# [Task inputs]

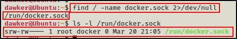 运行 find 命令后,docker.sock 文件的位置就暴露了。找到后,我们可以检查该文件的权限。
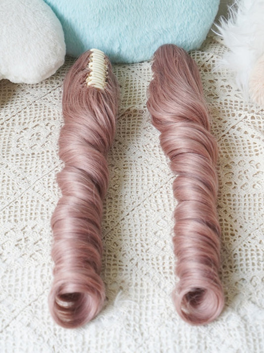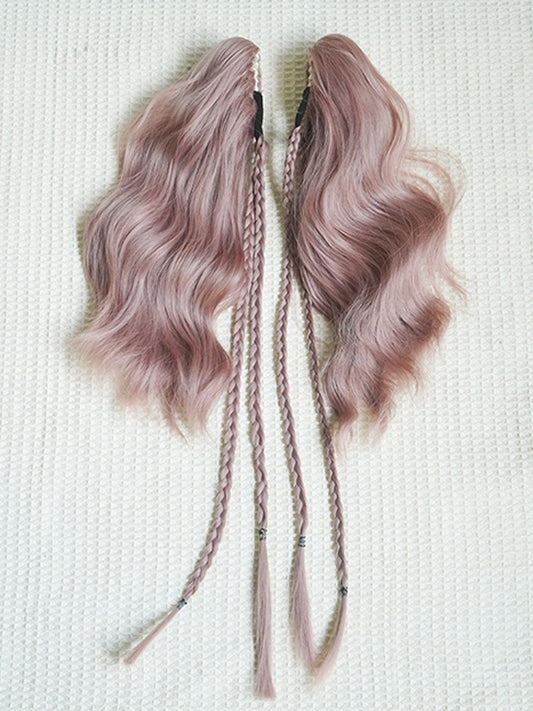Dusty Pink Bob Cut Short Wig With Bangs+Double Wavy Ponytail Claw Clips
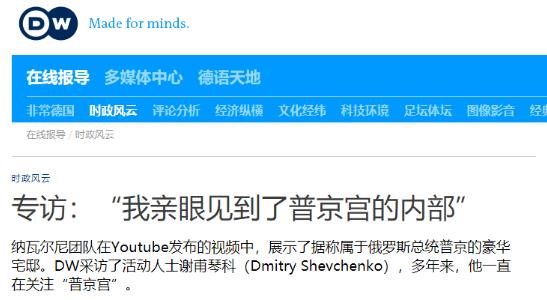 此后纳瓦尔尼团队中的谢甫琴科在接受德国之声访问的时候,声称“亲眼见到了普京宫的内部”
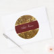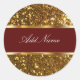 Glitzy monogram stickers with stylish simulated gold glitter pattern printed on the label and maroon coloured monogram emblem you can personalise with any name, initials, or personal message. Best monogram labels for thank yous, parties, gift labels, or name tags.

...

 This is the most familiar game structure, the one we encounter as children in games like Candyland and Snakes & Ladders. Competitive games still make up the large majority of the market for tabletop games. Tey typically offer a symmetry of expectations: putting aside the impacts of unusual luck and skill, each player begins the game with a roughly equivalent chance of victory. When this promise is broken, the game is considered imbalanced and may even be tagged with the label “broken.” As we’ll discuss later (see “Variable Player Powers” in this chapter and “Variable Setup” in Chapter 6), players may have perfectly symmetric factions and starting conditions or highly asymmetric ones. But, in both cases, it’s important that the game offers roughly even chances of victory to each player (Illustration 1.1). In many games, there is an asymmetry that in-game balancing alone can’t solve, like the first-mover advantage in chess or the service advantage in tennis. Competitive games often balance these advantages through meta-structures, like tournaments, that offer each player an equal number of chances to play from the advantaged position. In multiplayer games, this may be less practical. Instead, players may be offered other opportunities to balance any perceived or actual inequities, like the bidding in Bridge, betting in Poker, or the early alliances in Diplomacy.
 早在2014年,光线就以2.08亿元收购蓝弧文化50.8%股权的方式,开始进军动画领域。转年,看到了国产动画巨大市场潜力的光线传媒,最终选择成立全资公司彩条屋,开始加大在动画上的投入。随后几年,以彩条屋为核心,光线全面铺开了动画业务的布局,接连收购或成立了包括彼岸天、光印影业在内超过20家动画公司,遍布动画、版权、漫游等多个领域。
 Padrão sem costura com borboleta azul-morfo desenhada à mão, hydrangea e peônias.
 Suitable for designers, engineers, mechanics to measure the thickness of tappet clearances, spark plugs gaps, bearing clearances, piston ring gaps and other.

...

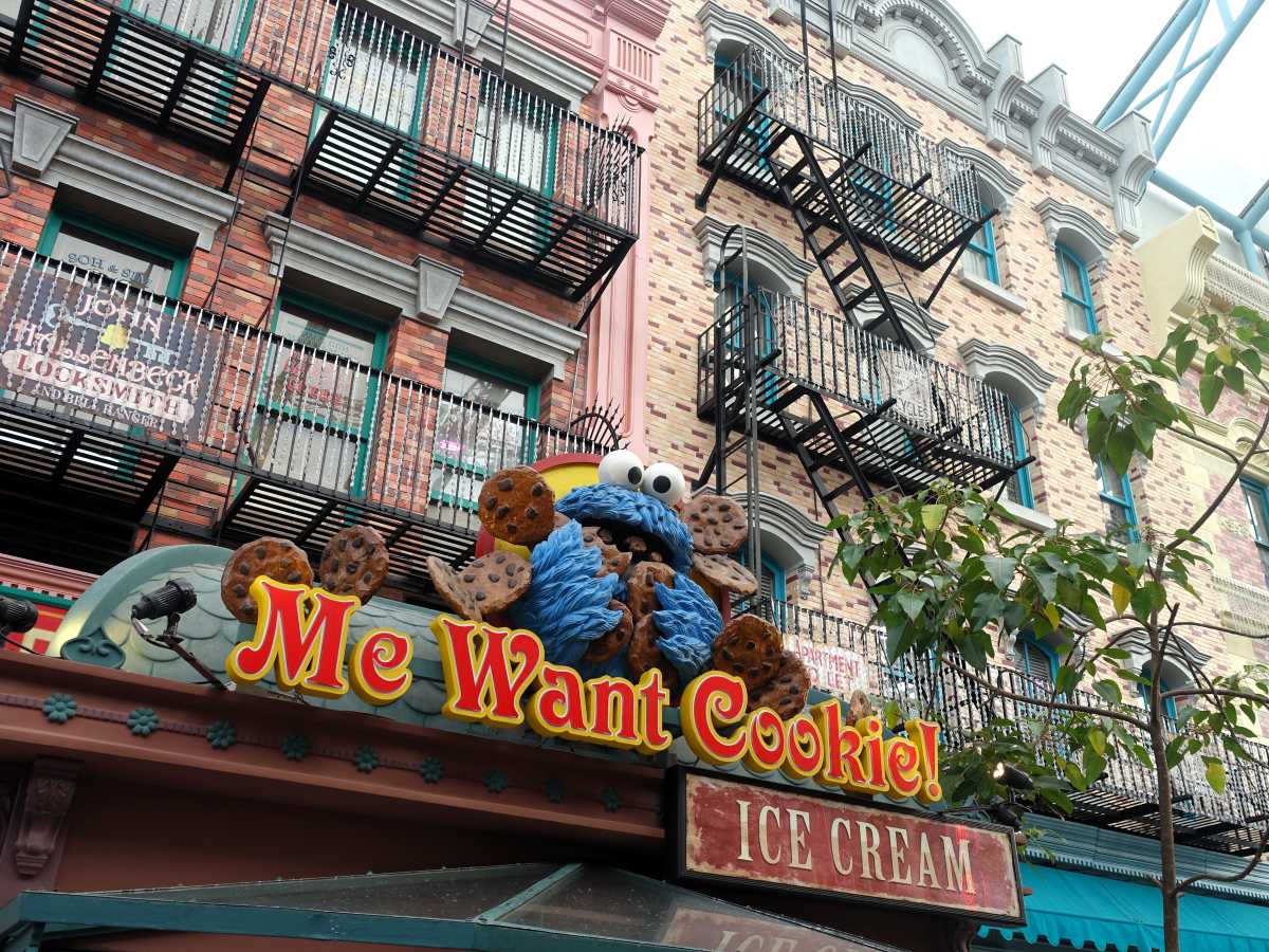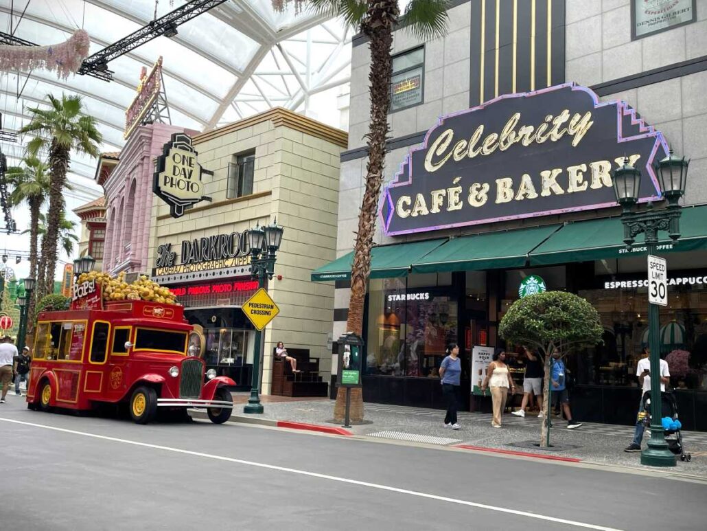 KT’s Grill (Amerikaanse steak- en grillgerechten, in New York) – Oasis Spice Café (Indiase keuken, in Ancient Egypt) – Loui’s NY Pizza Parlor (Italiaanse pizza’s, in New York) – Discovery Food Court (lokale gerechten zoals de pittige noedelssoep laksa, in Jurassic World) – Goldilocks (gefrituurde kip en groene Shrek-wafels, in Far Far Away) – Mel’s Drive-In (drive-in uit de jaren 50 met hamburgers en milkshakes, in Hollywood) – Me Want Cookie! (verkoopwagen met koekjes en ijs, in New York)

# [Assignment]
Print the line above containing "Dusty Pink Bob", the line containing "此后纳瓦尔尼团队中的谢甫琴科", and everything between them, exactly as written. Pictures stay out.

# [Task result]
Dusty Pink Bob Cut Short Wig With Bangs+Double Wavy Ponytail Claw Clips
 此后纳瓦尔尼团队中的谢甫琴科在接受德国之声访问的时候,声称“亲眼见到了普京宫的内部”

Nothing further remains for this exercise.